Polymer banknotes were developed by the Reserve Bank of Australia (RBA), Commonwealth Scientific and Industrial Research Organisation (CSIRO) and The University of Melbourne and were first issued as currency in Australia in 1988. These banknotes are made from the polymer biaxially-oriented polypropylene (BOPP) which greatly enhances durability of the banknotes. Polymer banknotes also incorporate many security features not available to paper banknotes, making counterfeiting much more difficult.

Trading as Securency, the RBA together with Innovia Films market BOPP as 'Guardian' for countries with their own banknote printing facilities. Note Printing Australia (a subsidiary of the RBA) prints commemorative banknotes and banknotes for circulation and has done so for 20 countries.

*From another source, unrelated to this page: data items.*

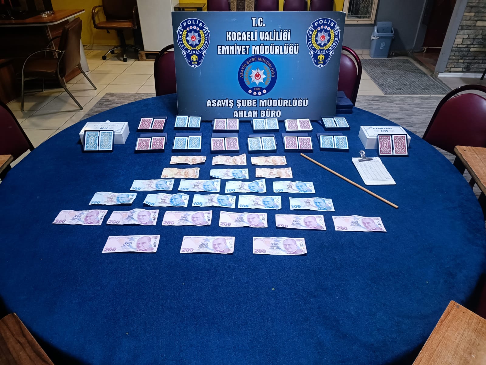 Kocaeli Emniyet Müdürlüğü ekipleri, kumar oynamak için yer ve imkan sağlamak suçunun engellemesi için yapılan çalışmalar kapsamında Gebze’de bir kıraathanede denetim yaptı.
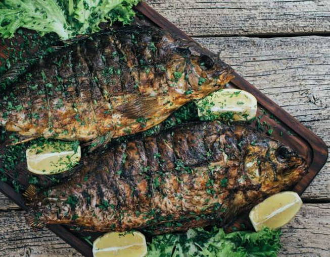 - Delicate en smakelijke riviervis gebakken op een rooster
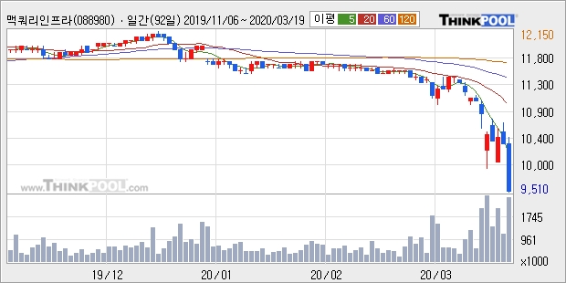 19일 오후 맥쿼리인프라(088980)가 하락세를 보이고 있다.
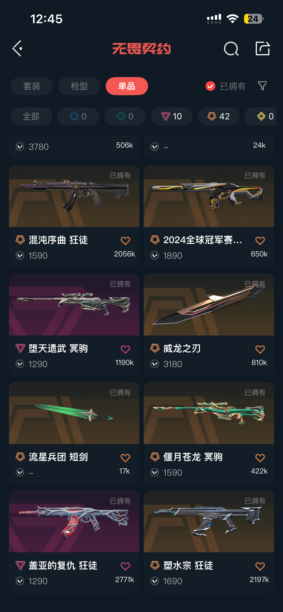 首页 > 租号大厅 > 无畏契约-wegame > wegame/wegame > (当前账号:铂金1)2025、2022、2024冠军套 显卡3.0套 奇点2.0 10刀皮

An alternative polymer of polyethylene fibres marketed as Tyvek by DuPont was developed for use as currency by the American Bank Note Company in the early 1980s. Tyvek did not perform well in trials; smudging of ink and fragility were reported as problems. Only Costa Rica and Haiti issued Tyvek banknotes; test notes were produced for Ecuador, El Salvador, Honduras and Venezuela but never placed in circulation. Additionally, English printers Bradbury Wilkinson produced a version on Tyvek but marketed as Bradvek for the Isle of Man in 1983; however, they are no longer produced and have become collectors' items.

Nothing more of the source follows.